The Content Optimization Model helps better plan a migration
11. Use the Right Management Tools for Every Scenario
From migration to security to monitoring and beyond. Different tools are used for different purposes, for different scenarios:
- The Exchange Server Deployment Assistant makes queries about deployment objectives and produces guidelines for approaching the migration to Office 365.
- Similarly, Azure AD Connect, DirSync, and AAD Sync tools assist the migration process by synchronizing end-users, groups, and contact data from local Active Directory to Office 365.
- The Exchange Admin Center to help with staged migrations, remote moves, cutover migration, IMAP migrations.
- Use other tools like IdFix to remediate errors and Remote Connectivity Analyzer to identify connectivity and configuration issues.
12. Understand Active Directory Federation Services
Office 365 offers a Single Sign-On (SSO) as part of the Active Directory Federation Service (ADFS). It connects an organization’s Active Directory with Office 365 and provides users with a single sign-on for Office 365 services on desktops and mobile devices.
SSO essentially provides a generic authentication solution by storing and transmitting encrypted user credentials across the network boundaries. Therefore, end users do not have to sign in (and remember different credentials) each time they log in to a different environment/application (Outlook, Skype, OneDrive, etc).
Configure the Active Directory Federation Service
13. Save Management Time Using Office 365 PowerShell
When you’re managing multiple tenants, every minute of your time is precious. PowerShell should be your tool of choice to help streamline admin tasks as it allows for remote administration of all components within Office 365 from the command line. You can set and reuse the same batches of commands for all your customer tenants.
The Office 365 PowerShell commands manage Office 365 level tasks such as user management, licenses, organization information, and core tenant level services:
- Connecting to Office 365 PowerShell is a simple three-step process where you install the required software, run the required software, and then connect to your Office 365 organization.

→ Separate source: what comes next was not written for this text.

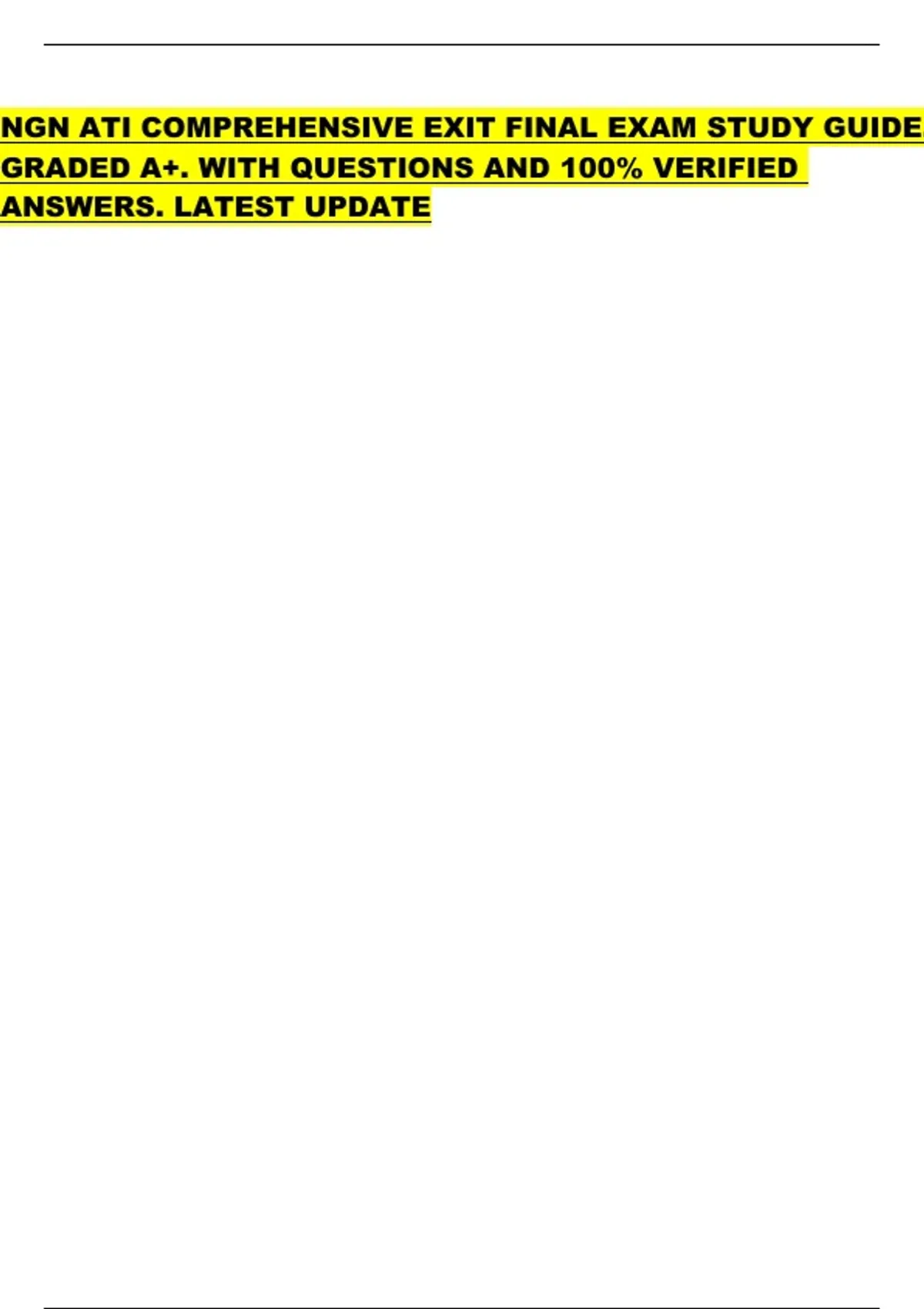 NGN ATI COMPREHENSIVE EXIT FINAL EXAM STUDY GUIDE. GRADED A+. WITH QUESTIONS AND 100% VERIFIED ANSWERS. LATEST UPDATE NGN ATI COMPREHENSIVE EXIT FINAL EXAM STUDY GUIDE. GRADED A+. WITH QUESTIONS AND 100% VERIFIED ANSWERS. LATEST UPDATE NGN ATI COMPREHENSIVE EXIT FINAL EXAM STUDY GUIDE. GRADED A+. WITH QUESTIONS AND 100% VERIFIED ANSWERS. LATEST UPDATE
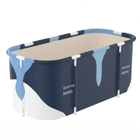 Cada pliabila portabila, Rqiurpn, 6 straturi grosime, potrivita pentru efecte terapeutice cu apa calda si rece, potrivita pentru copii/adulti, Cu accesorii, lungime 120 cm, Albastru/Alb

- You can save time by creating new Office 365 user accounts with a single PowerShell command. The only thing you need a pre-set .CSV (Excel) file.
14. Set the Retention Policy for Office 365
Microsoft gives you the option to set in-place archiving and in-place holders on specific pieces of information that meet search criteria defined in eDiscovery. The spectrum of options covers: Exchange, SharePoint, Skype, OneDrive, and Yammer.
15. Specific Customers Are Asking for PowerApps
PowerApps allows you to manage organizational data by using either an app that you created or one created by someone else who has shared it with you. Apps run on mobile devices, or you can run them in a browser.
Microsoft launched PowerApps in 2015 and gradually added SharePoint integration capabilities – one of the most popular being the SharePoint list integration with PowerApps, which allows users to display all SharePoint data integrated within their apps.